WORK REQUIRED: In your copy of the entries, please include no pictures and return every word exactly.
━━━━━━━━━━━━━━━━━━━━
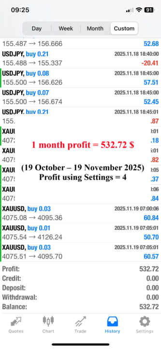 This is a Multi Currency Forex Robot and it executes trades for all supported pairs from 1 chart. After lot of research and live test with several broker and settings, this version is released. This version is only for limited clients. Future updated version will be given only to existing buyer of this EA and for institutional clients; so get it now. This Forex robot is developed as a passive income forex robot; which means every month to get some extra money.
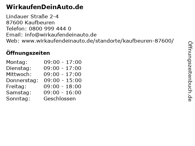 | Öffnungszeiten WirkaufenDeinAuto.de in Kaufbeuren anzeigen | |
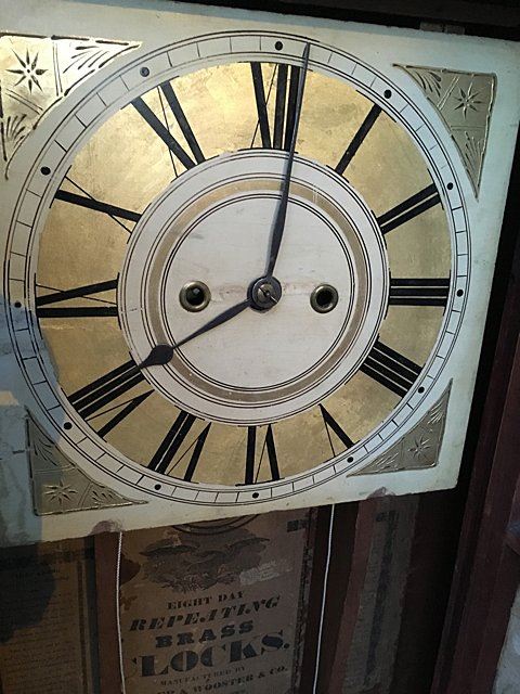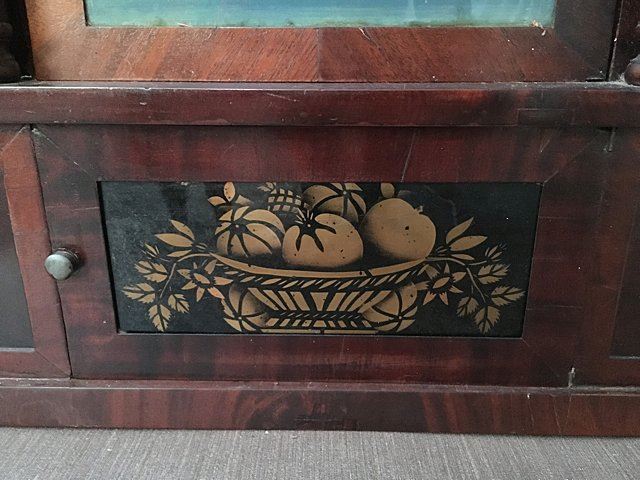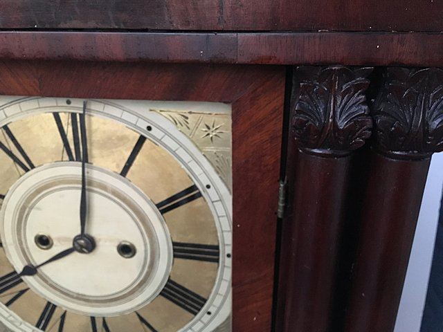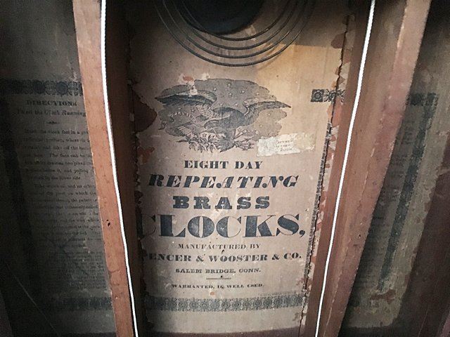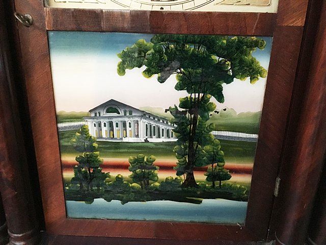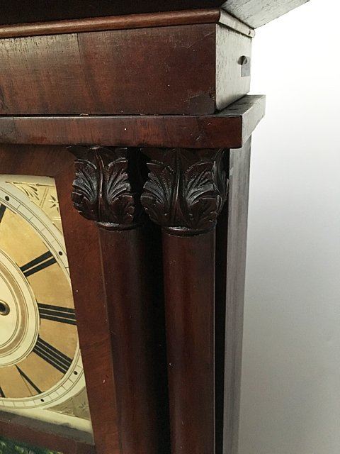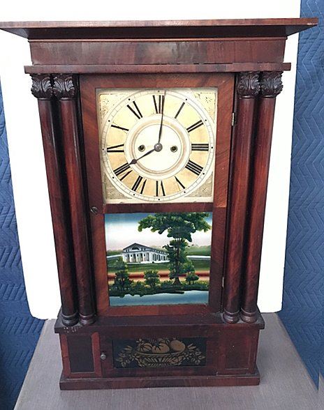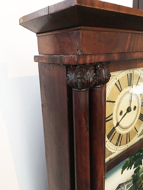 Spencer & Wooster & Co., Salem Bridge, Conn. Mahogany shelf clock, c. 1840. the cornice is supported by exceptional turned Corinthian double carved columns, painted wood Roman numeral dial, door tablet with reverse-painted scene of a country house, label inside marked in part Eight Day Repeating Brass Clocks, Manufactured by Spencer & Wooster & Co., brass, eight-day, time and rack strike movement powered by two compounded cast iron weights. Beautiful lower glass with gold gilt fruit bowl, nice label. Measures approx. 34" tall x 18" wide x 5 1/2" deep.
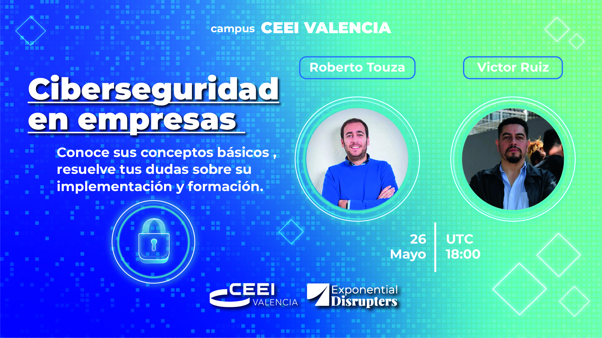 Victor Ruíz  liderará esta sesión junto a Roberto Touza experto en Lean startup e innovación quienes estarán brindando sus conocimientos y resolviendo todas las dudas a los asistentes este 26 de mayo a las 18:00 horas
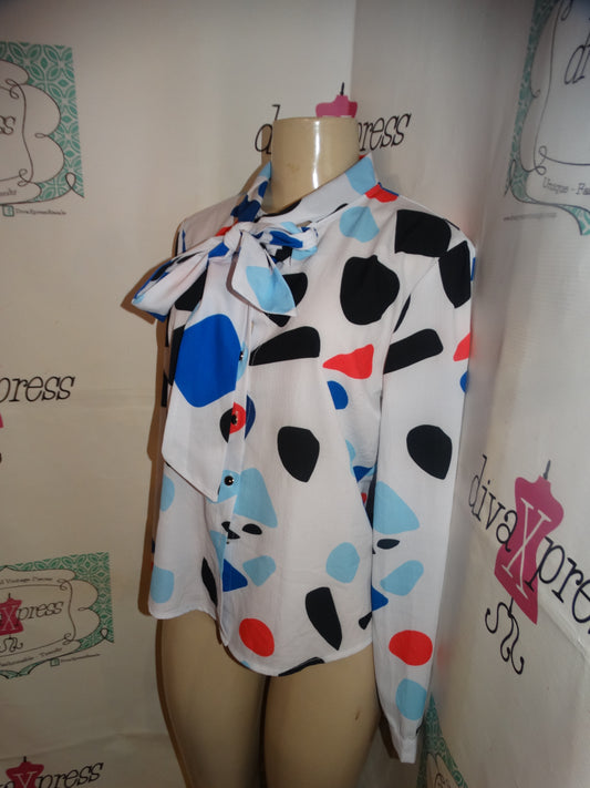 Sold outWhite Blue Dot Tie Top Size S
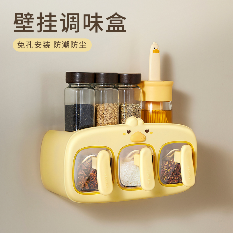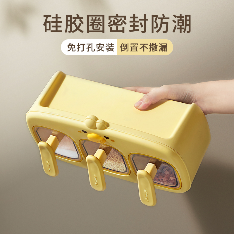 带密封圈防潮调料盒吸盘透明调料罐壁挂式 厨房调味料收纳盒盐罐子
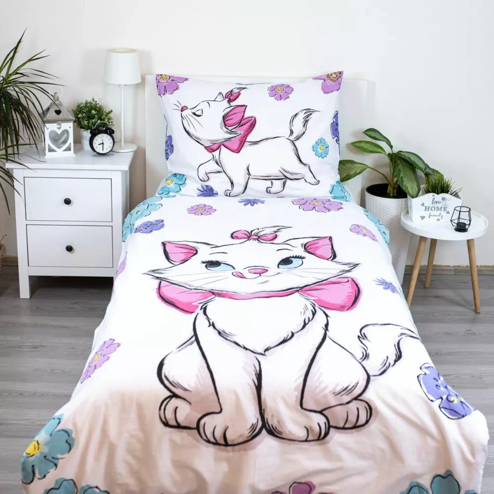 - Marie Cat Disney JF 02 lenjerie de pat copii - 140x200 + 70x90. 100% bumbac, moale, colorat, cu pisica Marie. Perfect pentru un pat pentru copii.
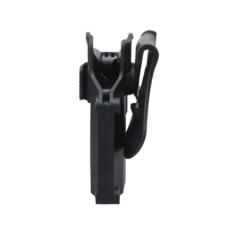 Valmistettu muovipolymeeristä, oikeanpuolen kätisyys, sopii useimpiin pistooleihin, automaattinen lukitus. Suunniteltu vaativaan käyttöön, mattamusta.
━━━━━━━━━━━━━━━━━━━━
OUTPUT OF THE TASK:
 This is a Multi Currency Forex Robot and it executes trades for all supported pairs from 1 chart. After lot of research and live test with several broker and settings, this version is released. This version is only for limited clients. Future updated version will be given only to existing buyer of this EA and for institutional clients; so get it now. This Forex robot is developed as a passive income forex robot; which means every month to get some extra money.
 | Öffnungszeiten WirkaufenDeinAuto.de in Kaufbeuren anzeigen | |
 Spencer & Wooster & Co., Salem Bridge, Conn. Mahogany shelf clock, c. 1840. the cornice is supported by exceptional turned Corinthian double carved columns, painted wood Roman numeral dial, door tablet with reverse-painted scene of a country house, label inside marked in part Eight Day Repeating Brass Clocks, Manufactured by Spencer & Wooster & Co., brass, eight-day, time and rack strike movement powered by two compounded cast iron weights. Beautiful lower glass with gold gilt fruit bowl, nice label. Measures approx. 34" tall x 18" wide x 5 1/2" deep.
 Victor Ruíz  liderará esta sesión junto a Roberto Touza experto en Lean startup e innovación quienes estarán brindando sus conocimientos y resolviendo todas las dudas a los asistentes este 26 de mayo a las 18:00 horas
 Sold outWhite Blue Dot Tie Top Size S
 带密封圈防潮调料盒吸盘透明调料罐壁挂式 厨房调味料收纳盒盐罐子
 - Marie Cat Disney JF 02 lenjerie de pat copii - 140x200 + 70x90. 100% bumbac, moale, colorat, cu pisica Marie. Perfect pentru un pat pentru copii.
 Valmistettu muovipolymeeristä, oikeanpuolen kätisyys, sopii useimpiin pistooleihin, automaattinen lukitus. Suunniteltu vaativaan käyttöön, mattamusta.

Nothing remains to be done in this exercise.